I promise not to extoll all the virtues of using video for your business; I think that’s a base well covered by the blogosphere. (A single search yields countless articles; this one is a favorite.)
Rather, I’d like to tackle some of the painful “problems” with video set forth by the article’s author. Before diving in, it’s important to note that the author is discussing the use of video in the context of a website’s audience monetization strategy, which — as most know, is a very specific use case. As such, I’ve pulled out the issues with broader applicability:
- People at work and in school cannot easily watch video without being caught.
‘Getting caught’ watching an informative, important video that helps people learn or perform better is hardly a problem for forward-thinking organizations. So, this is a content, not a video, issue. - Editing video is 100 times harder than editing text.
Yep, it sure is. As a medium, it is far more complex and far less linear, but thanks to Apple, Adobe and several start-ups, there are now many simple editing tools for the uninitiated. If my 12-year old son can cut together a school video that looks professional — yes, sixth graders actually have video assignments now — then I’m not sure I’d bet against this. - Studios are very expensive, and you usually need multiple of them.

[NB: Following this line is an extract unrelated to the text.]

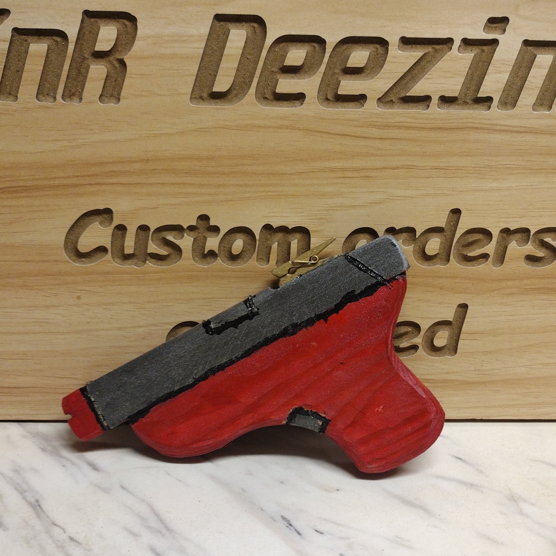 This wooden, hand-carved rubber band pistol is a fun, nostalgic toy that sparks imagination and creativity in kids of all ages. It comes with 5 rubber bands to get the play started right away. Each piece is unique with slight variations in color and detail, making every shooter one-of-a-kind. Please note, colors vary based on availability and small differences occur due to the handcrafted nature of the item. Perfect for playful moments that bring a smile and a touch of old-school charm.

Hmmm. Not exactly. Not only can you outfit a studio for under $5k, but there are also tons of ways to create a dynamic studio. Again, you don’t need to go much further than a google search to get answers here. - Your existing employees will not cut it as on-screen talent.

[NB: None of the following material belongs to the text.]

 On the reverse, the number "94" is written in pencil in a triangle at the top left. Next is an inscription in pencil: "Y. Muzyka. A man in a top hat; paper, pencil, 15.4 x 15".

It’s all relative. The kind of talent you need relates to the type of video you are making. The higher the utility value, the less you need to rely on talent. Employees are great for best practices, training or even thought leadership video. They carry a lot of credibility. - Search does not work for video content.
Not really true in the sense that all video carries metadata and if your video sitemap is set up correctly, your video can be searched. For a quick tutorial on what this means, check out Cliff’s post, Learn More About Video Metadata in a Minute! - You need innumerable expensive service providers to compress, host, play, ad-serve, and do everything else in the misery that is the video process.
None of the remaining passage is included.